Absolutely,  RFC5988 was a starting point for much of this work.  Rather than 
registering a link relation name, we plan to use a URI as is also allowed by 
RFC5988.

>> But this does not use media type to discriminate between the options.
>
> what i am wondering how my simple web client, using an XML-based access to your
> data, would then find out. it seems you're making assumptions about the URIs
> based on their context, instead of providing URIs that are self-contained and
> could be taken entirely out of context and still would allow me to interact with
> the services. could you breifly show how you would, if you were building non-RDF
> access to your service, expose the PROV links?

Clearly, if we're using RDF descriptions, the client needs to understand RDF. 
So your XML only client would presumably get an HTTP not acceptable (?) response 
to its content negotiation, and be forced to fail.  (Assuming the service 
doesn't also offer an XML variant that your client does understand.)  I don't 
see this as any different from the current mechanisms, which must fail if the 
client and server don't both understand some common mechanism and its 
corresponding media type.

>> Depending only on the client's knowledge of how to process the media
>> types seems to me to be a narrow view compared with "examining and
>> choosing from among the alternative state transitions in the current set
>> of representations" [Fielding].  I'm concerned that this dependency
>> leads to an overloading of media types, which "specify the native
>> representation (canonical form) of such data"
>> [http://tools.ietf.org/html/rfc2045] to also cover data semantics.  For
>> formats where the semantics is tied to a specific format, this seems not
>> to be a problem, but does not sit so well with RDF which uses common
>> syntax to convey arbitrary semantics.
>
> there seems to be this lingering feeling that "RDF is different" because "it's
> semantics, and not a format".

I wouldn't put it that way, but RDF is different from most of the XML-based 
formats used.  It is a common format that can carry (and merge) arbitrary 
semantics.  That's not true of most other data formats on the web.  I don't 
claim it's unique, and certainly there could be other formats with similar 
capabilities, and they too could be used in a similar way to RDF provided that 
there are media types to distinguish the base format.

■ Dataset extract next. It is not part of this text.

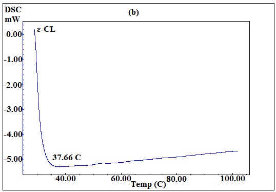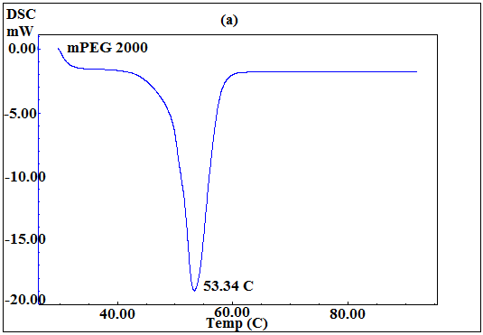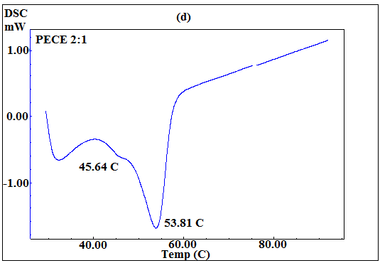 The (a) and (b) curves are the thermal curves of mPEG2000 and ɛ-CL. Both curves indicate that there is only a single peak melting point of the compound that is at temperatures 53.34 °C and 37.66 °C that each is a melting point of the compound mPEG2000 and ɛ-CL. The (c) and (d) curves are the thermal curves of the PECE triblock copolymer with a ratio of PCL/PEG are 0.5:1 and 2:1. The thermal curve of the PECE triblock copolymer indicates the existence of 2 peaks of melting point temperature although the peak is not clearly separated. The low melting point temperature of both curves is at 50.98 °C and 45.64 °C, which is the temperature of the melting point of the PCL block in the crystal phase and the high melting point temperature peak is at 54.78 °C and 53.81 °C as melting point for the mPEG block in the crystal phase. The thermal properties of a single polymer and the PECE copolymer triblock that produce curves with a single peak and multiple-peak are also reported in previous studies [8, 10].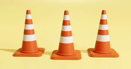 3D traffic cones for caution and under construction concept on pastel background, 3D illustration

> ... pretty much all data formats (apart from those
> using ad-hoc syntaxes) work exactly that way, so there really is not need to
> deviate from what has been working in the past 20 years. application/atom+xml is
> atom semantics using xml syntax,

I would argue that, technically, XML is *not* a syntax.  It's a family of 
syntaxes.  It's a syntactic framework.  Each XML-based document type, defined by 
DTD, XSD, RelaxNG or other means is a syntax, which may have ore or less 
associated semantics.  RDF/XML is an XML-based syntax that provides a semantic 
framework for conveying arbitrary semantics; i.e. descriptions of arbitrary things.

> ... and if somebody felt the urgent need to provide
> that in EXI, they would need to register application/atom+exi and then people
> could start using atom with a different xml syntax. in the end, clients need to
> know what they have to parse when they start GETting something, so you must say
> which syntax(es) are available.

Sure.  But syntax is the starting point not necessarily the endpoint.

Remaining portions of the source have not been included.